Apple today filed its reply brief to Lodsys’ motion arguing that Apple should not be allowed to intervene in Lodsys’ ongoing litigation against an ever growing number of iOS developers who allegedly infringe a Lodsys owned patent.
Florian Mueller generously posted Apple’s brief up on Scribd if you wanna take a look at it in its entirety. If not, we’ll break down the thrust of Apple’s arguments.
If you recall, one of Lodsys’ arguments rested on the theory that Apple filed its motion to intervene prematurely, pointing out that Apple filed a motion before a number of defendants even answered the complaint.
Addressing this issue, Apple writes that Lodsys’ position here is completely baseless and lacks any foundation in case law and that a motion to intervene can only be made too late, not too early.
Next, Lodsys argued that Apple should be disallowed from intervening because Apple’s interests in the case must be “direct, substantial, and legally protectable.” As such, Apple’s economic interest in the outcome of the case is not sufficient to warrant Apple’s involvement.
To this end, Apple cites case law articulating that a license is “itself a sufficient property interest” and that the case law Lodsys cites to back up this particular argument are completely unrelated to licensing matters and consequently unpersuasive.
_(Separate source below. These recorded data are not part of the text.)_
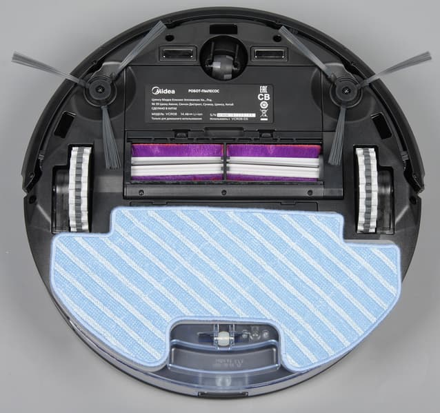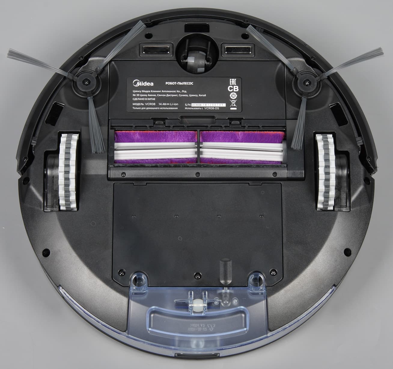 На днище расположены две контактные площадки, передний опорный поворотный ролик, боковые щеточки, крышка батарейного отсека, отсек основной щетки, два ведущих колеса, панель с четырьмя отверстиями подачи воды. Ближе к краю сразу за бампером расположены три ИК-датчика перепада высоты, благодаря которым робот-пылесос может избежать падения со ступенек.
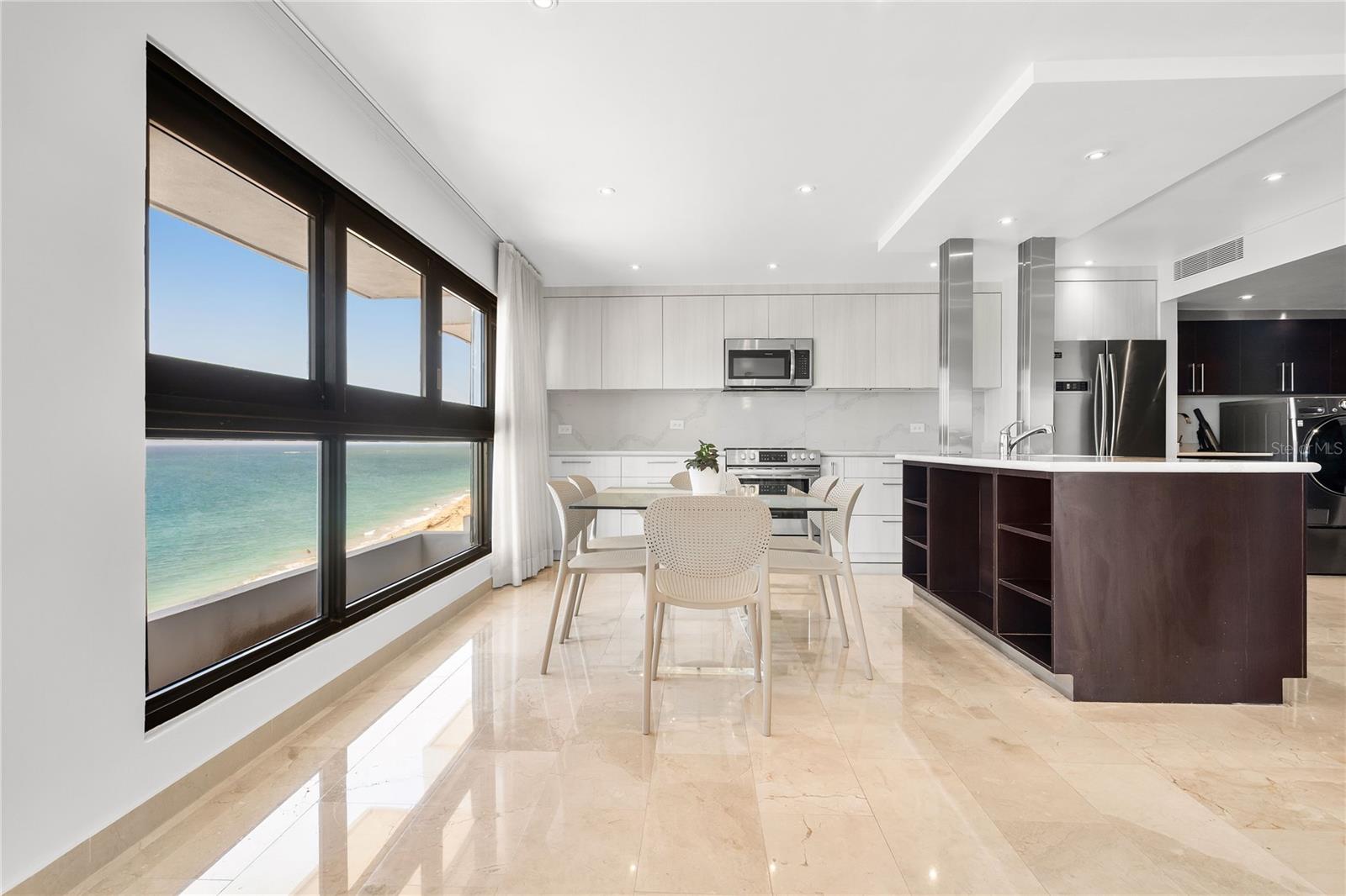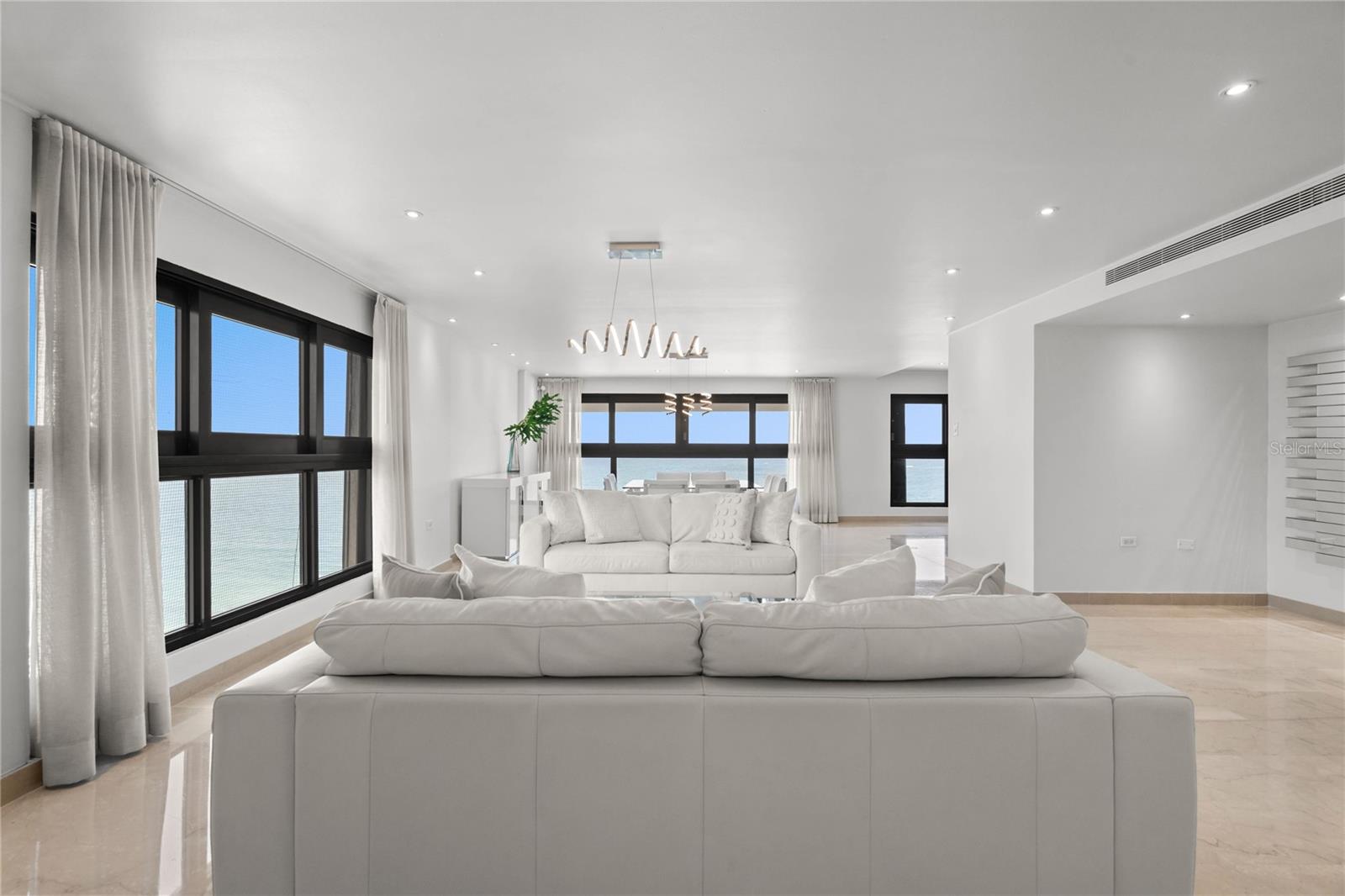 PRIME LOCATION IN CONDADO - Condominio Tenerife, Ashford Avenue, Condado, San Juan, Puerto Rico. Elegant turn key 2,412 sq ft, corner oceanfront / ocean view apartment in one of San Juan’s most elegant neighborhoods, steps from restaurants, iconic hotels, hospitals, shops, and a pristine sandy beach. Fully remodeled with marble floors, modern finishes, and floor-to-ceiling glass windows framing breathtaking, unobstructed views of the Atlantic Ocean. Furnished living room, dining room, eat-in kitchen, and three stylish bedrooms, two and a half bathrooms, including a master suite with spa-inspired bathroom. Gourmet kitchen features refrigerator, microwave, electric oven, and high-efficiency washer/dryer. Building offers total power generator backup, water reservoir, direct beach access, 24/7 security with guard, and only two apartments on each floor. Enjoy three deeded parking spaces (two underground) that can be set up with EV chargers, direct access to Parque del Indio, and miles of walkable seashore. Bank approval letter or proof of funds required to schedule a showing.
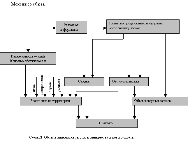Рассмотрим схему влияния на финансовый результат менеджера по сбыту, имеющего полномочия варьировать скидки и условия платежа (сх. 21):
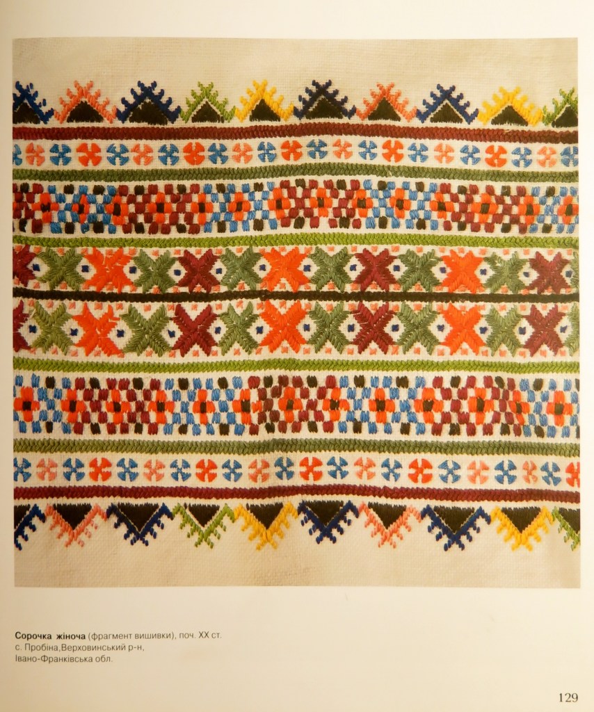 It’s not the first time I have embroidered this design. You may recognize it from the Easter servetka that I embroidered a couple of years ago EASTER SERVETKA. It decorates the sleeves of a woman’s shirt from the village of Probina, Verkhovyna district, Ivano-Frankivsk region, which is located in the museum of folk art of the Hutsul and Pokuttia regions, named after J. Kobrynskyi https://hutsul.museum. And the image of the sleeve is in the luxurious album INSPIRATIONS from the publishing house Rodovid https://rodovid.net/en/.

In an attempt to cover all of its bases, Lodsys not only argued that Apple lacked a sufficient interest in the litigation but that Apple’s interest was more speculative than anything.
Apple rejects this out of hand stating that Apple’s license lies at the heart of this case and that “Lodsys has already sued numerous significant Apple customers and threatened dozens of others, and a boycott of some of Apple’s core products by App developers has been proposed.
Now if you recall, Apple in its original motion seeking to intervene raised the point that Lodsys had targeted small and sometimes independent iOS developers who lacked the resources to adequately defend themselves. Somewhat shadily, Lodsys subsequently amended their original complaint to include large companies such as EA and Rovio.
Was Apple impressed with this legal tomfoolery?
Not at all.
“Although some of the new defendants may have greater resources than the original defendants,” Apple writes, “Lodsys does not contest the fact that none of the defendants have the technical information, expertise, and knowledge regarding how Apple’s technology works or the negotiation of the License itself to fully articulate and develop Apple’s exhaustion defense.”
Apple concludes, “Lodsys offers no legal factual or logical explanation for why it would be more efficient to resolve the complex issues surrounding Apple’s license without Apple in this case.”
Apple’s reply brief will be the last motion on the issue seen by the court. Now we wait patiently for the court to make a decision. Being as objective as possible, I would wager that Apple’s motion will be granted. Lodsys failed to come up with one solid reason as to why Apple’s involvement in the case should be precluded. While the court may ask Lodsys and Apple to address some of the aforementioned issues in more detail, an official ruling on the matter may be on the horizon – hopefully sooner than later.